[Start of section]
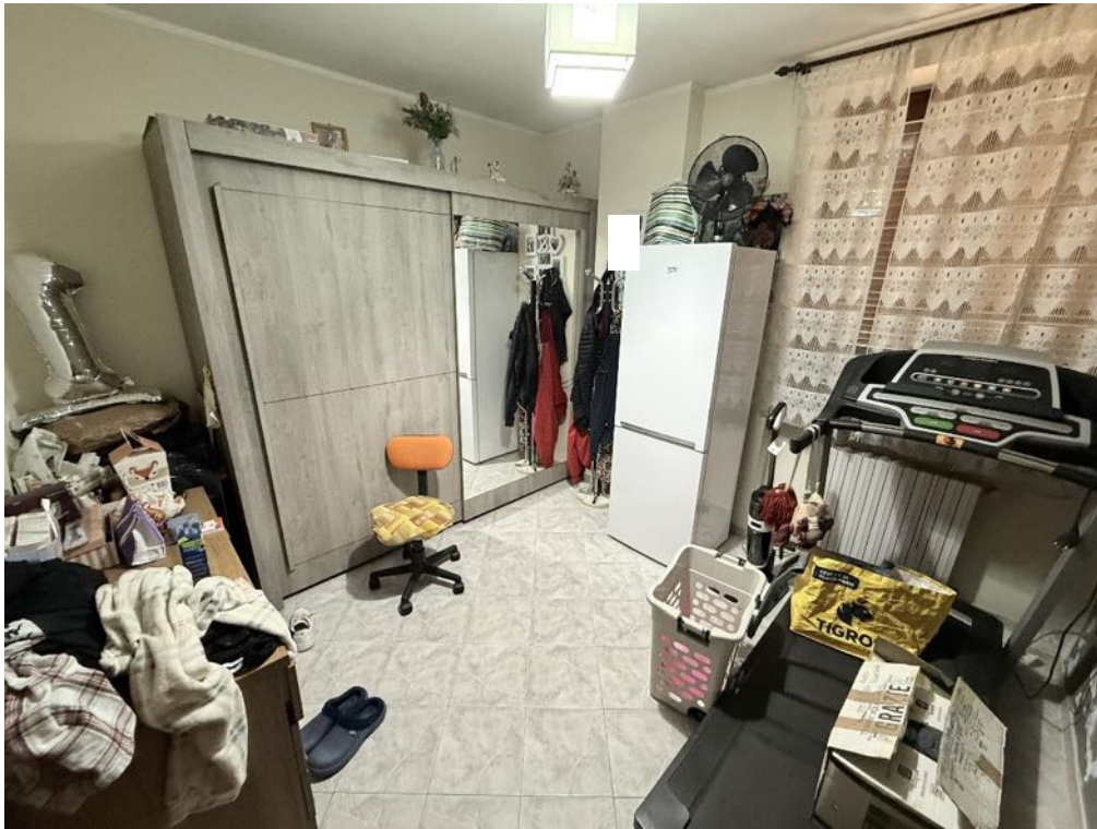
Piano Primo - Appartamento - Studio (foto 1)
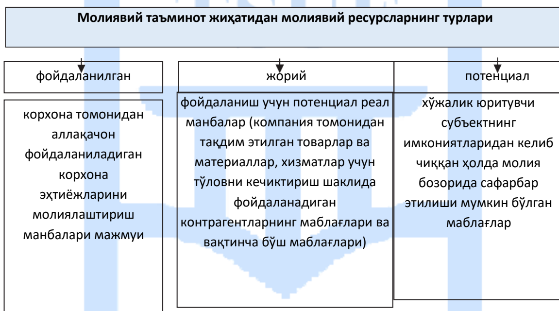
1-расм. Хўжалик юритувчи субъектлар молиявий ресурсларининг турлари

Масалан, А.Н.Гаврилова ва ҳаммуаллифлар таъкидлашича, «капитал (ўз маблағлари, соф активлар) корхонанинг мажбуриятлардан холи мулки, унинг ривожланиши учун шарт-шароит яратувчи стратегик захирадир...».
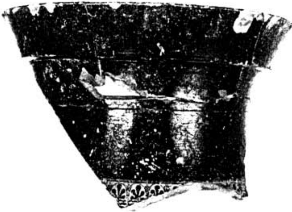
5. Fragment d'une amphore attique à figures noires (col).
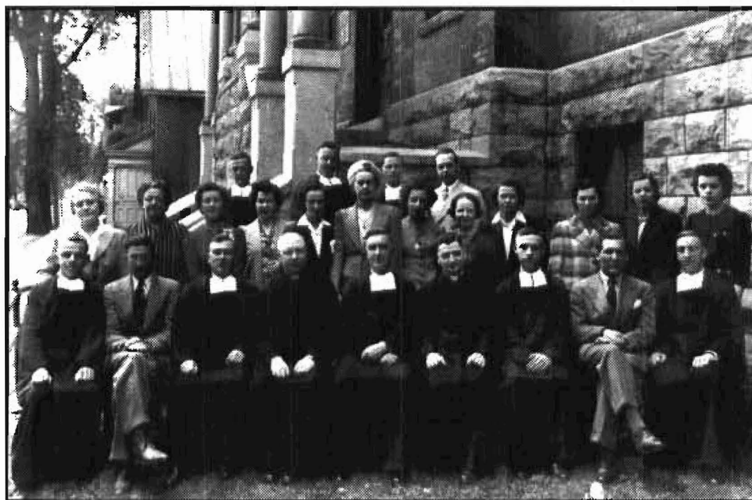
Le personnel enseignant, 1942-1943.
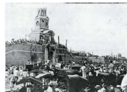
Foto 18. Baluarte de Torre del Reloj y baluarte de San Pedro Apóstol al fondo. La población la utilizaba como escenario para los espectáculos públicos.
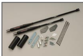
COX Body Damper (YAMAHA Performance Damper)
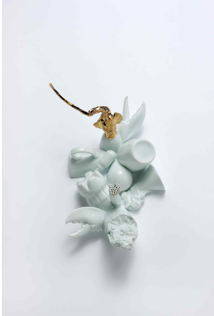
백자, 환원소성, 220x380x100(mm)
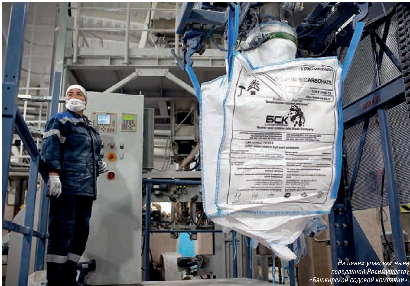
На линии упаковки ныне переданной Росимуществу «Башкирской содовой компании».

полностью удовлетворил иск Генпрокуратуры РФ об изъятии акций Башкирской содовой компании в пользу Федерального агентства по управлению государственным имуществом (Росимущество).
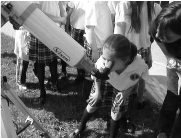
1. kép. Égi tünemény földi megfigelője.
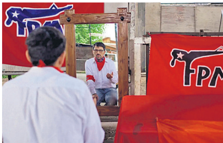
El caso del FPMR llegó hasta el cine y también a documentales.
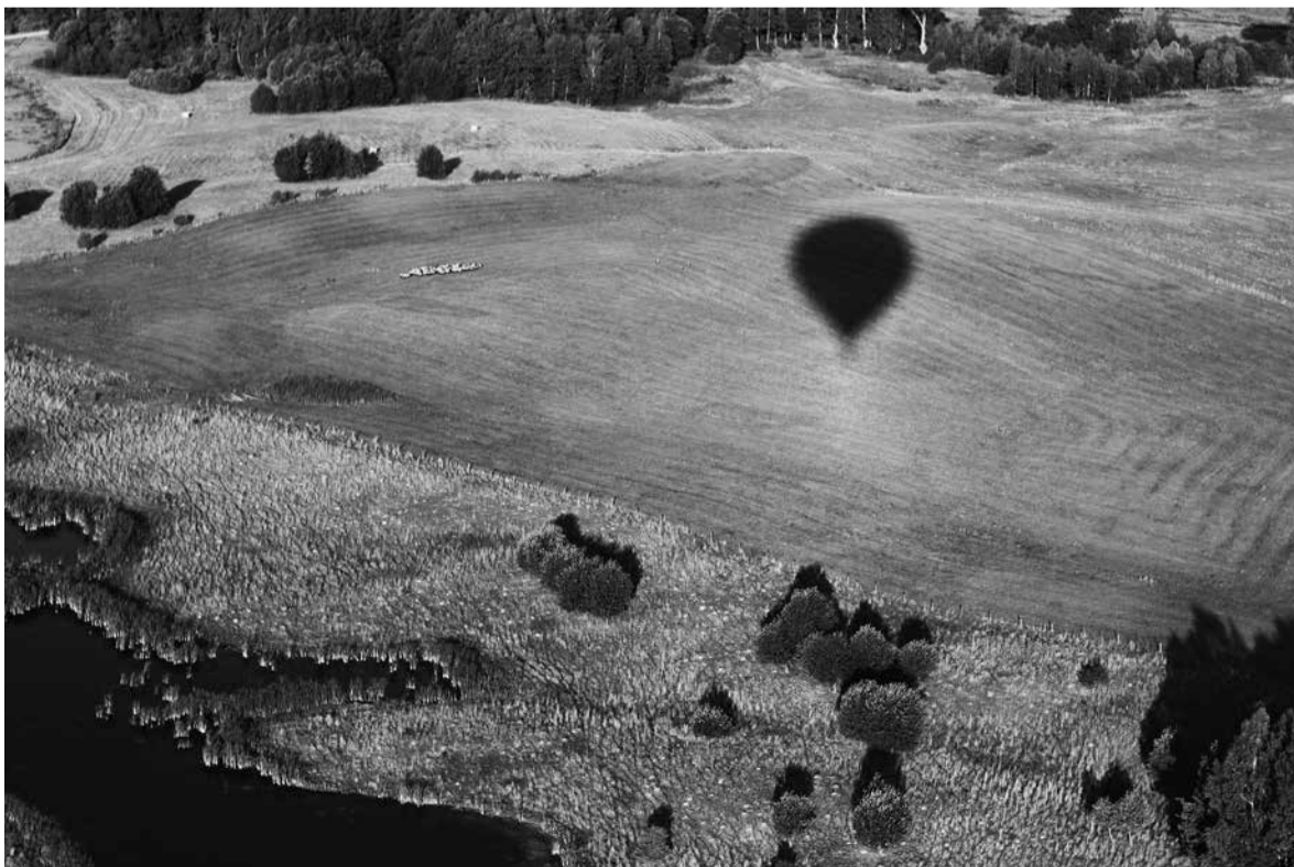
Lietuva iš oro baliono.
[End of section]
#### YOUR OBJECTIVE
Everything above from the line containing "Le personnel enseignant, 1942-1943." through the line containing "백자, 환원소성, 220x380x100(mm)" must be repeated exactly, and the pictures must be left out.

#### SOLUTION FOR THIS PROBLEM
Le personnel enseignant, 1942-1943.
Foto 18. Baluarte de Torre del Reloj y baluarte de San Pedro Apóstol al fondo. La población la utilizaba como escenario para los espectáculos públicos.
COX Body Damper (YAMAHA Performance Damper)
백자, 환원소성, 220x380x100(mm)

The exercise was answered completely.